CUI 68679220400020230012201 Tutela 2da Instancia no. 135504 HELBER JULIÁN MESA SIERRA GERARDO BARBOSA CASTILLO Magistrado Ponente STP3615-2024 Tutela de 2.a instancia 135504 Acta No. 034 Bogotá, D. C., veintisiete (27) de febrero de dos mil veinticuatro (2024) ASUNTO La Sala resuelve la impugnación presentada por HELBER JULIÁN MESA SIERRA en contra de la sentencia del 19 de diciembre de 2023 por medio de la cual la Sala de Decisión Penal del Tribunal Superior del Distrito Judicial de San Gil declaró improcedente la acción de tutela que presentó en contra del Juzgado Promiscuo Municipal de Mogotes y del Juzgado Primero Penal del Circuito de San Gil.

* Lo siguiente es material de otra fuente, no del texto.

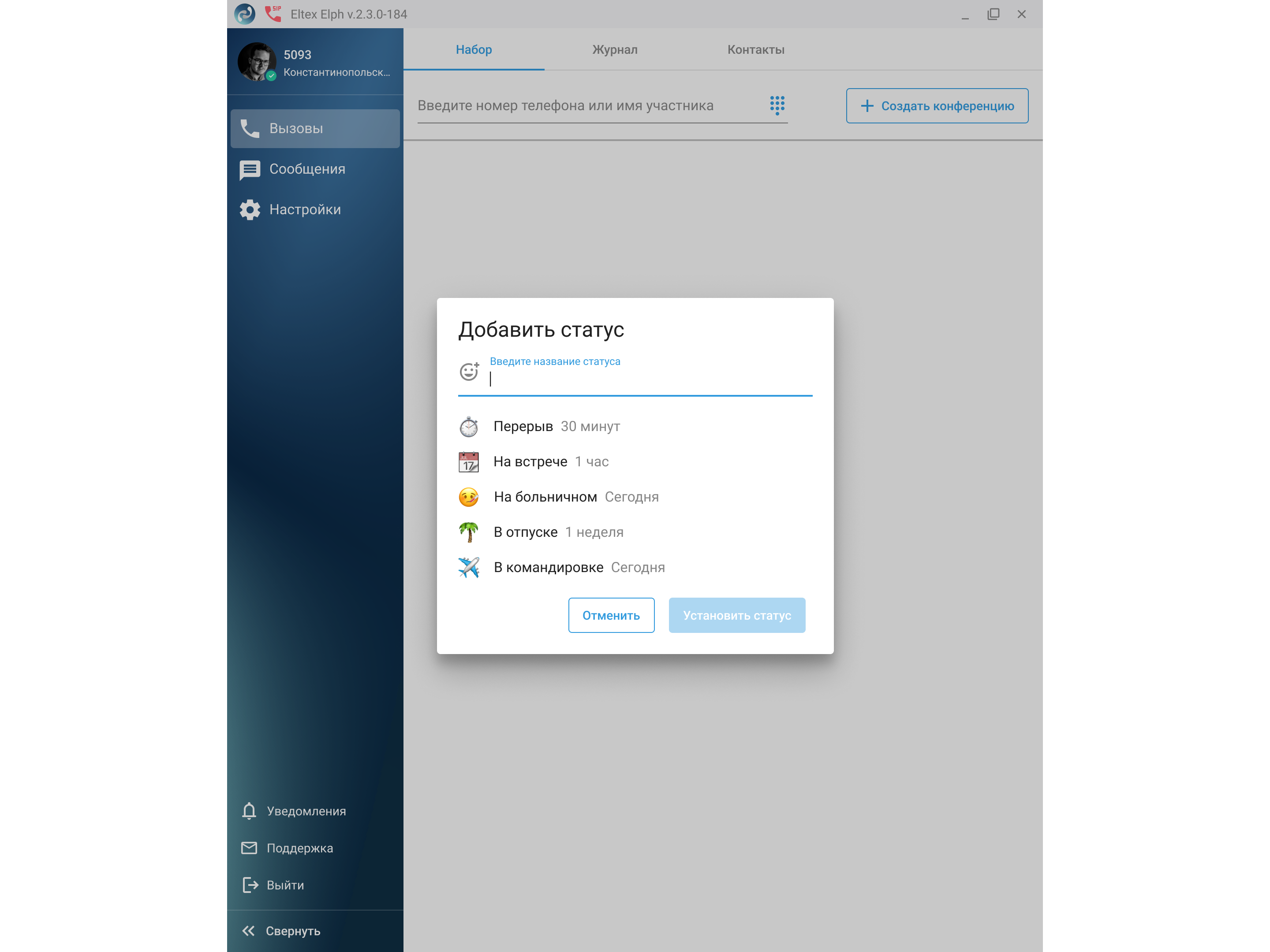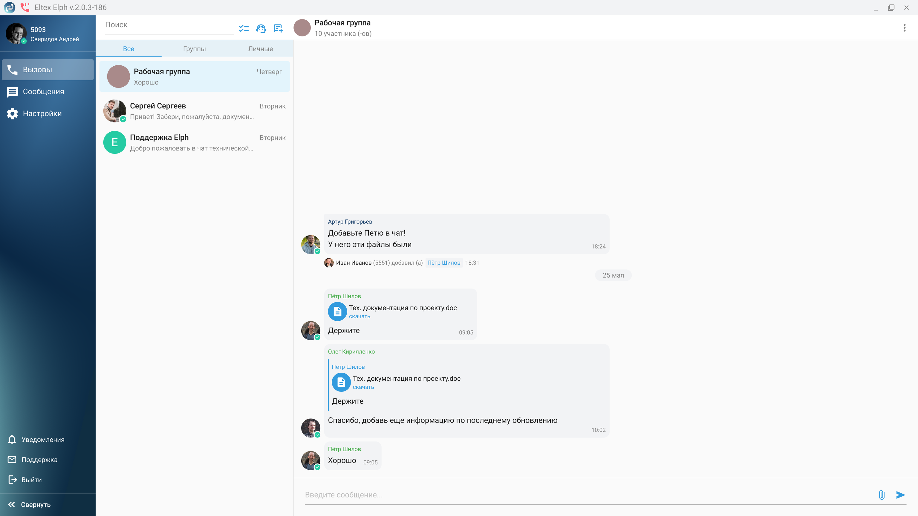 Elph Desktop – приложение для использования сервисов унифицированных коммуникаций (UC Eltex) с рабочих компьютеров на базе Windows, Linux, Mac OS. Используется как SIP-клиент с доступом к сервисам UC или ассистент корпоративного телефона, подключённого к экосистеме ECSS-10, с функцией записи звонков.

FUNDAMENTOS DE LA ACCIÓN HELBER JULIÁN MESA SIERRA presentó una acción de tutela en contra de la Alcaldía y la Secretaría de Gobierno del municipio de Mogotes, Santander, con el propósito de que se responda la petición que presentó para que se levante una medida cautelar decretada dentro de un proceso policivo. El Juzgado Promiscuo Municipal de Mogotes, por medio de sentencia del 27 de octubre de 2022, declaró la carencia actual de objeto por hecho superado, pues evidenció que la Inspección de Policía de ese municipio contestó la solicitud presentada.
El 5 de diciembre de 2022, luego de que el accionante impugnó lo decidido, el Juzgado Primero Penal del Circuito de San Gil confirmó lo resuelto en primera instancia. Inconforme con estas providencias, HELBER JULIÁN MESA SIERRA presentó una nueva acción de tutela en contra del Juzgado Promiscuo Municipal de Mogotes y del Juzgado Primero Penal del Circuito de San Gil.
En esta ocasión, el actor solicitó el amparo de sus derechos fundamentales a la tutela judicial efectiva, al debido proceso y a la dignidad humana. Para el accionante, en el primer trámite de tutela se configuró la cosa juzgada fraudulenta, pues se desconoció que en el proceso policivo no se notificó a la propietaria del inmueble objeto de la controversia.
Por consiguiente, pidió que se estudien las irregularidades presentadas tanto en el proceso de policía como en la primera acción de tutela que presentó. TRÁMITE DE LA ACCIÓN DE TUTELA Por medio de auto del 6 de diciembre de 2023, la Sala de Decisión Penal del Tribunal Superior del Distrito Judicial de San Gil avocó conocimiento de la acción de tutela y ordenó correr traslado de esta a las autoridades accionadas y demás vinculados.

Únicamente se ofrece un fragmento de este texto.